Die Anwälte - Eine deutsche Geschichte

Die Anwälte - Eine deutsche Geschichte

D 2009 R: Birgit Schulz D: (Mitwirkende) Otto Schily, Hans-Christian Ströbele, Horst Mahler 92 Min. Filmwebsite
Der Film verfolgt die Biografien von drei Männern, die einer Generation angehören und die sich in derselben bundesdeutschen Wirklichkeit entwickelt haben - Otto Schily, Hans-Christian Ströbele und Horst Mahler. Regisseurin Birgit Schulz untersucht, was diese Männer geprägt hat, was sie in Bezug auf ihre politischen Ideale verbunden hat, und an welchen Punkten sie drei unterschiedliche Wege eingeschlagen haben, um am Ende Gegner zu werden.

Für ch Kriest vom Filmdienst ist Mahlers "Vita und sein Habitus das spannendste Moment dieses Films"; nach Die Anwälte tue man "jedenfalls gut daran, noch einmal die Mahler-Episode in Deutschland im Herbst anzuschauen, noch mal einen Blick in den Band mit den Gesprächen zu werfen, die Mahler mit Gerhart Baum führte und das „Vanity Fair“-Gespräch zwischen Michel Friedman und Mahler zu googlen".

Christina Tilmann vom Tagesspiegel stellt fest, der Film sei auch ein "großes Politdrama, das von Rasterfahndung über Anti-AKW-Demonstrationen, vom Einzug der Grünen in den Bundestag bis hin zu NPD-Verbotsverfahren, Kosovo-Einsatz und Anti-Terror-Gesetzen die politische Geschichte der Bundesrepublik rekapituliert". Der wichtigste Effekt bestehe darin, "dass man das Kino mit mehr Fragen verlässt, als man es betreten hat".

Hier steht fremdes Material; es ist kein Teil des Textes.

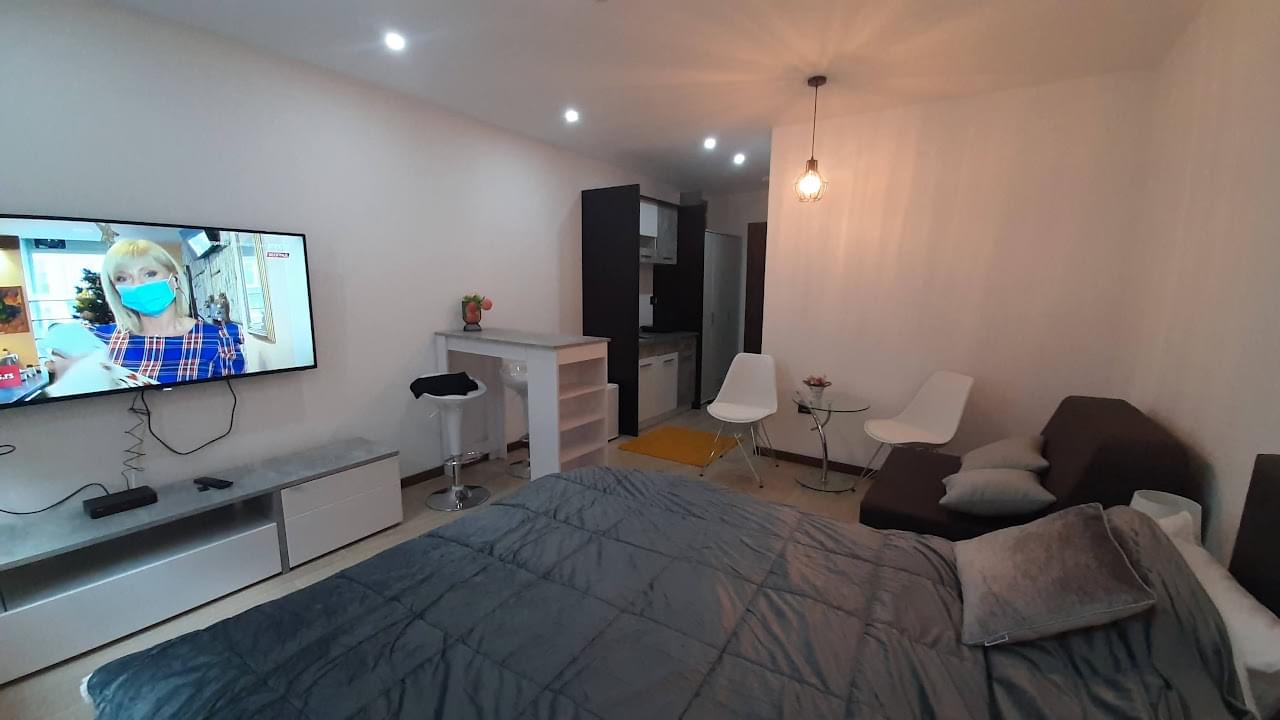 Apartman studio Bjanka se nalazi u novootvorenom krilu hotela na Kopaoniku. 25 kvadrata. Moderno namešten. Podesan za 3 odrasle osobe ili par sa malom decom. Poseduje 1 bračni krevet i jednu fotelju na razvlačenje.

In der FAZ rät der der Strafverteidiger Ferdinand von Schirach: 2Sehen Sie sich den Film an, wenn Sie Zeit haben. Die Interviews sind es wirklich wert. Ich fand ihn interessanter als den Baader-Meinhof-Komplex. Einiges hätte man vielleicht anders erzählen können, weniger wäre oft besser gewesen, man hätte genauer fragen können".

Christian Buß von Spiegel Online hat einen "ziemlich schwachen Film" gesehen; er wundert sich, warum Horst Mahler so viel Platz eingeräumt werde - "mit einem Holocaustleugner diskutiert man nun mal nicht".

Daniel Kothenschulte von der Frankfurter Rundschau hat "einer der besten deutschen Kinofilme des Jahres 2009" gsehen, der sogar ein "aufregend visueller Film" sei, "wenn auch auf eine zurückhaltende Art". Zu den "merkwürdig divergierenden Idealen" der drei Porträtierten gehörten auch "unterschiedliche Männlichkeitsideale; ihnen nachzuspüren, "das ist das eigentliche Faszinosum bei diesem willkommenen Nachzügler zur Filmwelle über den bundesdeutschen Terrorismus".

Ganz anders stellt sich das für Rainer Gansera von der Süddeutschen Zeitung dar: "Die Kölner Dokumentaristin Birgit Schulz hat einen Film über die Karrieren der drei gemacht - und den tollen Stoff leider zu einer fleißig recherchierten, aber doch arg enttäuschenden Abfolge von Anekdoten, zeitgeschichtlichen Bilderbögen und selbstgefälligen Statements verdünnt". Die Interviews erweckten den Eindruck, "als seien sie für die Promi-Hobbythek gemacht". Birgit Schulz hätte "ihre eigene Stimme und Haltung, ihr Erkenntnisinteresse sichtbar machen müssen", stattdessen vermeide sie "alles, was die Selbstinterpretation der Befragten hinterfragen könnte".

"Das Erstaunlichste an diesem Film ist, dass es ihn gibt", meint Stefan Reineke von der taz. Das allein sei schon ein Verdienst der Regisseurin Birgit Schulz. Ästhetisch sei der Film "nichts Besonderes", die Regisseurin komme ihren Figuren nicht nahe, aber das sei "kein Wunder, es sind Anwälte, Selbstdarstellung, Verschwiegenheit und Kontrollsucht gehen eine schwierige Melange ein". Trotzdem ist die Die Anwälte laut Herrn Reineke eine "Fundgrube".

Thomas Schmid von der Welt schreibt: "Trotz bester Absichten der Regisseurin, die meist die dezente Montage bevorzugt, hat die dokumentarische Flut der Bilder doch etwas Überwältigendes. Schon mit Worten kann man Schlüssigkeiten suggerieren, die es vielleicht gar nicht gibt. Mit Bildern erst recht. Auch im Dokumentarfilm steckt ein antiaufklärerisches Potenzial".